Completed Fundred artworks are sent to regional Collection Centers that are securely holding the valuable drawings. In Charlotte, McColl Center for Visual Art is an official Collection Center, serving as a repository for Fundred Dollar Bills created in the region.  In 2010, an armored truck, retrofitted to run on waste vegetable oil, began an 18,000-mile cross-country trip to pick up the bills from the Collection Centers. By 2014, the armored truck will deliver the Fundreds to Washington D.C. where a request will be made of Congress for an even exchange of the value of the art currency for actual funds and services to support the implementation of Operation Paydirt, a citywide landscape recovery program targeted for several cities in America.

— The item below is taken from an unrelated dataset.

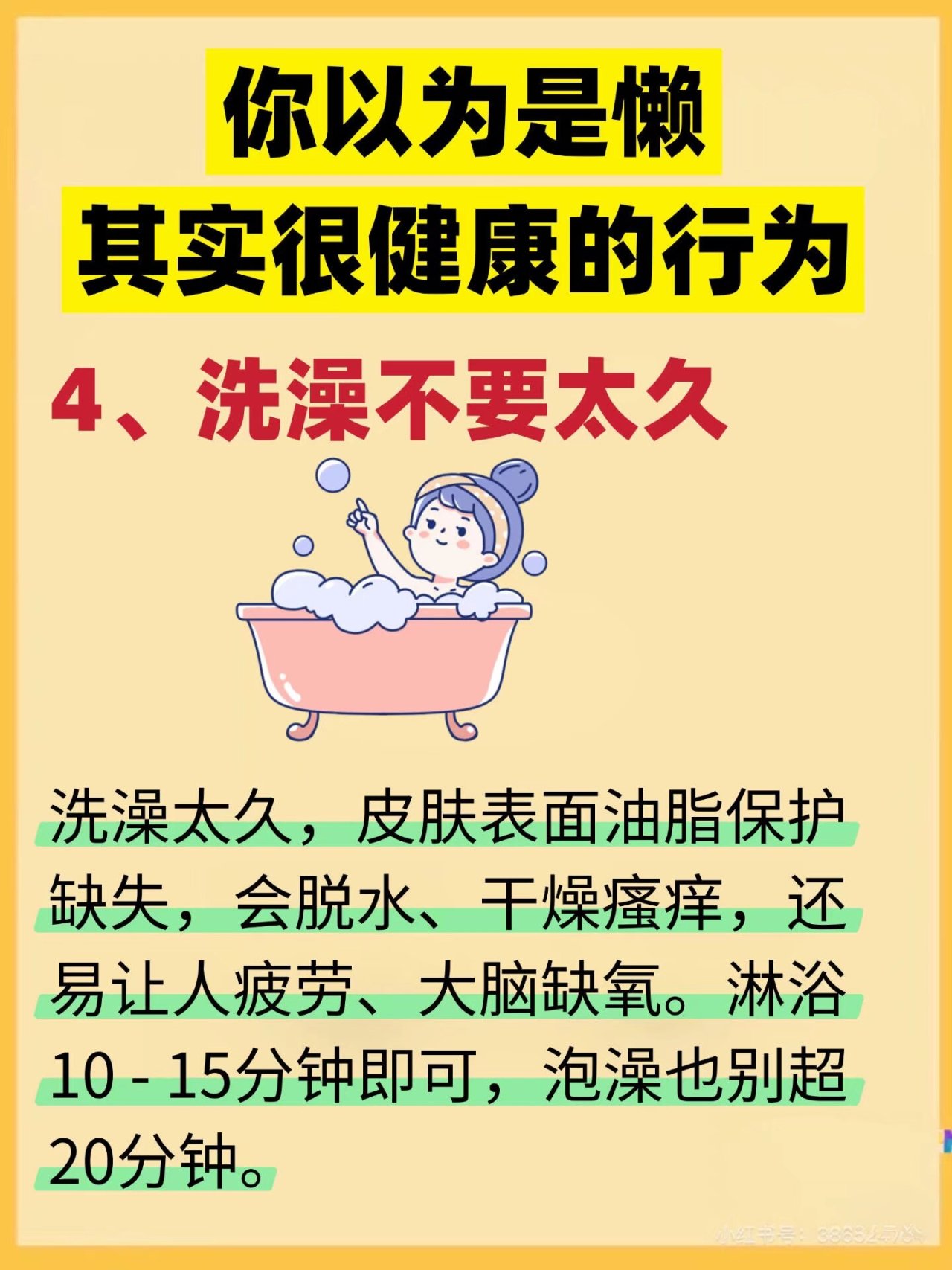 洗澡太久,皮肤表面油脂保护缺失,会脱水、干燥瘙痒,还易让人疲劳、大脑缺氧。淋浴10 - 15分钟即可,泡澡也别超20分钟。

The Fundreds created and deposited at McColl Center for Visual Art will be picked up by this special armored truck as part of the 18,000 mile pick-up event.

To participate in the Fundred Dollar Bill project, visit the 2nd floor gallery to create your own interpretation of the $100 bill, now through November 3, 2012, during gallery hours.

Learn more about Mel Chin and the Fundred Dollar Bill Project by joining us at an upcoming program: 6 PM, Thursday, October 4 during Artist to Artist; Saturday, October 13 during Community Day; and Saturday, October 27 during Open Studio Saturday. Mel Chin will be in residence at McColl Center for Visual Art from September 17 through December 30.

Mel Chin’s work has been documented in the popular PBS program, Art of the 21st Century, and has received numerous awards and grants from organizations such as the National Endowment for the Arts, Art Matters, Creative Capital, Pollock/Krasner Foundation, Joan Mitchell Foundation, and The Rockefeller Foundation.